Take from the entries below the stretch from the line with "Các sản phẩm" through the line with "الجواب الخامس: أن", and return it exactly, leaving the pictures out.

*GIVEN ENTRIES*
◇ ◇ ◇

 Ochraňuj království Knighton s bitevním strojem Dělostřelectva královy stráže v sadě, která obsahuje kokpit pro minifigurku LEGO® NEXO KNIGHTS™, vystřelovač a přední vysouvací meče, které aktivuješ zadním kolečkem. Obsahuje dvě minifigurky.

◇ ◇ ◇

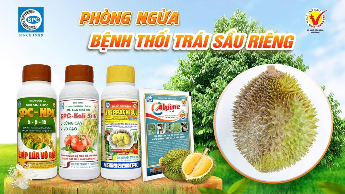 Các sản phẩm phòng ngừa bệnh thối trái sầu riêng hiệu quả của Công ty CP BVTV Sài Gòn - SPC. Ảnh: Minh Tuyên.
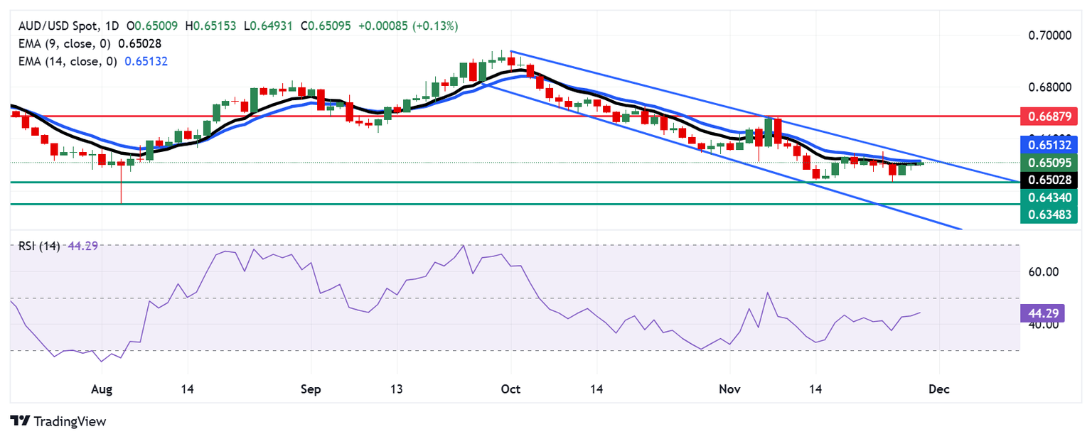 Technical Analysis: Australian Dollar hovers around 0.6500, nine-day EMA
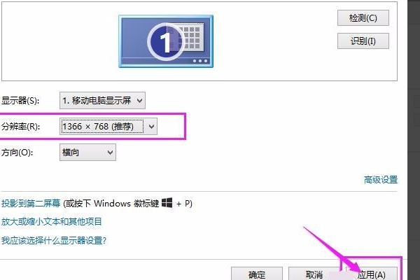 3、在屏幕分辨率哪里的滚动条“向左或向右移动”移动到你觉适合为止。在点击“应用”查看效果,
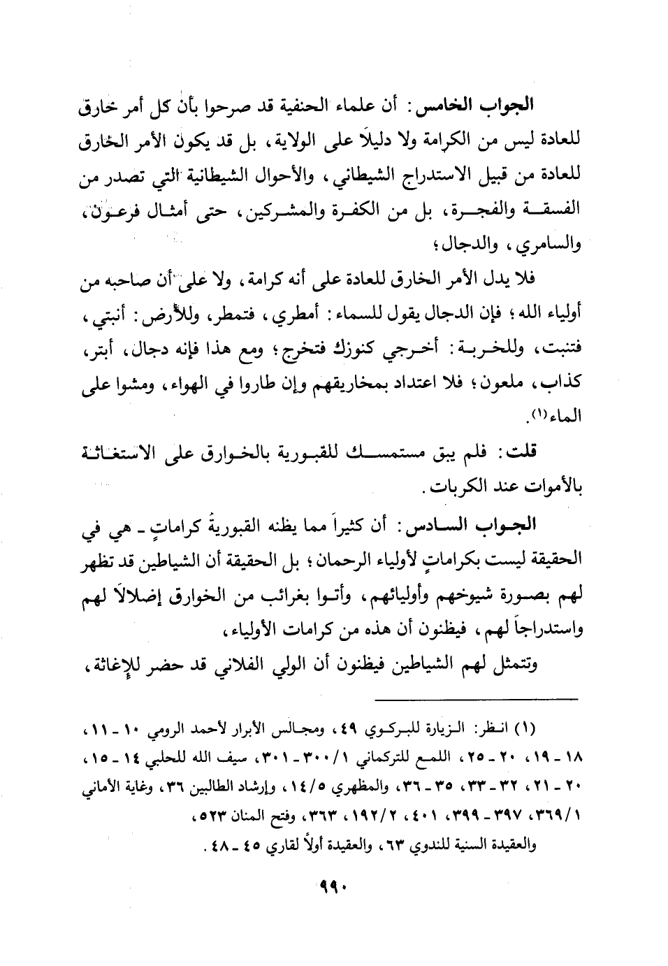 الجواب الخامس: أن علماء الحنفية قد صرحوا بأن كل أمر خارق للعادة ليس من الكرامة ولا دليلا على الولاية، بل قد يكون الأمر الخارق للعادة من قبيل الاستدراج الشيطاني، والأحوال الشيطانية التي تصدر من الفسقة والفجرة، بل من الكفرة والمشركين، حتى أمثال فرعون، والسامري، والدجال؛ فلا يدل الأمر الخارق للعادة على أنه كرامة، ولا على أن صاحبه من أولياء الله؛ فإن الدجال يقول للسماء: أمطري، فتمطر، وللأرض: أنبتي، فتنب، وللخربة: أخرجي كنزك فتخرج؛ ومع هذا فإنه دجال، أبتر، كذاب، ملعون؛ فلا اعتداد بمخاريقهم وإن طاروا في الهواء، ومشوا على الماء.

◇ ◇ ◇

*RESULT*
 Các sản phẩm phòng ngừa bệnh thối trái sầu riêng hiệu quả của Công ty CP BVTV Sài Gòn - SPC. Ảnh: Minh Tuyên.
 Technical Analysis: Australian Dollar hovers around 0.6500, nine-day EMA
 3、在屏幕分辨率哪里的滚动条“向左或向右移动”移动到你觉适合为止。在点击“应用”查看效果,
 الجواب الخامس: أن علماء الحنفية قد صرحوا بأن كل أمر خارق للعادة ليس من الكرامة ولا دليلا على الولاية، بل قد يكون الأمر الخارق للعادة من قبيل الاستدراج الشيطاني، والأحوال الشيطانية التي تصدر من الفسقة والفجرة، بل من الكفرة والمشركين، حتى أمثال فرعون، والسامري، والدجال؛ فلا يدل الأمر الخارق للعادة على أنه كرامة، ولا على أن صاحبه من أولياء الله؛ فإن الدجال يقول للسماء: أمطري، فتمطر، وللأرض: أنبتي، فتنب، وللخربة: أخرجي كنزك فتخرج؛ ومع هذا فإنه دجال، أبتر، كذاب، ملعون؛ فلا اعتداد بمخاريقهم وإن طاروا في الهواء، ومشوا على الماء.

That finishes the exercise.